FB9/5/2025 2:12 PM | By: by Kyle McRae
First Impressions
First-Year Cal Tight Ends Mason Mini And Landon Morris Score Touchdowns In Golden Bear Debuts
First impressions – you only get one chance to make good ones.
While much of the buzz after last week's 2025 season-opener has deservedly been about the performance by rookie quarterback
Jaron-Keawe Sagapolutele in his California football debut, a couple of his teammates made good first impressions as well.
It had been four seasons since a pair of Cal tight ends had accomplished what transfers
Landon Morris and
Mason Mini did last Saturday by catching touchdown passes in the same game in the Golden Bears' impressive season-opening 34-15 win at Oregon State.
Their touchdown grabs had quite different looks but both tight ends came away with similar feelings.
Mini's score came on a 3rd-and-5 play from the Oregon State 19-yard line on the Bears' opening drive. Sagapolutele bought time by scrambling to his left before finding Mini with a perfect back-shoulder pass to the 4-yard line. Mini did the rest for his first collegiate touchdown.
"I have never felt anything like it," Mini said. "It honestly just didn't even feel real at first. I felt great."
To say anything is easy in football is certainly an overstatement, but Morris' second career touchdown was about as routine as a play can get when Sagapolutele capped the Bears first drive of the second half by finding Morris wide open in the flat. Morris was able to waltz his way into the end zone untouched from there for a 4-yard score that gave Cal a 24-3 lead.
"That was amazing," Morris said. "It was one of the best feelings in the world."
"It's a good way to start the year off for the room," added senior tight end
Jeffrey Johnson, who had a career-long 20-yard catch of his own against the Beavers. "We all celebrate each other's success, so it's great to see them succeed. Both of those guys work so hard and definitely earned those touchdowns."
Just like their touchdowns, the journeys that landed Mini and Morris in Cal's tight end room this season and made them roommates for the team's road games were much different.
Mini, who grew up just across the Bay in Pacifica, was not allowed by his parents to play football until the ninth grade. After prepping at Terra Nova High School, he spent two seasons at Idaho before going into the transfer portal. Mini showed up on the Bears' doorstop at the last minute in January after having been verbally committed to Michigan State before changing his mind and deciding to join the Cal program.

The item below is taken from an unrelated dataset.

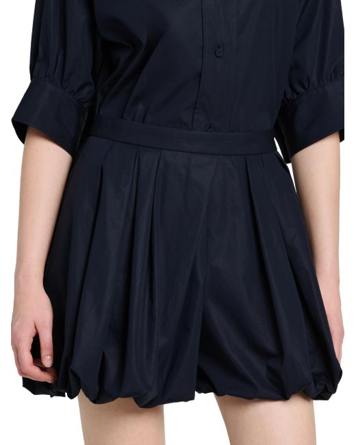 Crafted of cotton poplin, these Jil Sander shorts are designed with voluminous gathered pleats and a bubble hem. Bubble hem Side on-seam pockets Concealed side zip closure 100% cotton Hand wash Made in Italy SIZE & FIT Tailored fit Rise: about 12" Inseam: about 5" Leg opening: about 12" Model measurements: 5'10" tall Model is wearing a US size 4 ABOUT THE BRAND Known for its simple sophistication, German label Jil Sander is dedicated to a pure design aesthetic and exceptional craftsmanship. Launched in 1968, the brand focused on clean lines, later evolving to epitomize luxury clothing for a new generation of businesswomen. Since 2017, Creative Directors Lucie and Luke Meier have revitalized the company's offerings, staying true to its roots with crisp tailoring and refined silhouettes. Advanced European - Adv European > Jil Sander > Saks Fifth Avenue. Jil Sander. Color: Navy. Size: 0.

"He connected with me and asked if we were interested," Cal tight ends coach
Mike Saffell said. "We got really lucky for him to be right here in Pacifica and to want to be at Cal and be a part of this thing."
"I'm close to home, so my family is definitely happy," added Mini with a smile.
Mini said he expects over 100 family and friends to attend Saturday's home opener against Texas Southern.
The ticket needs for the well-traveled Morris as a graduate student at his fourth school will be significantly less. He began playing football much earlier as a third-grader in his home state of Indiana and also spent one season as a prep in Chicago. Morris was a wide receiver before moving to tight end in college after being named as one of the nation's top-10 college tight end prospects. He started his career at Syracuse in the spring of 2021 before transferring to Utah and then again to Temple, where he had his most productive season with 16 catches for 251 yards with one touchdown reception in 2024. He joined the Bears this past June as a graduate transfer looking to find a path to the NFL.
Saffell loves what he has in the tight ends room with Mini, Morris and others.
"We have a tight knit room," Saffell said. "Once you build that culture, guys like being around each other.
Mini and Morris have certainly made good first impressions.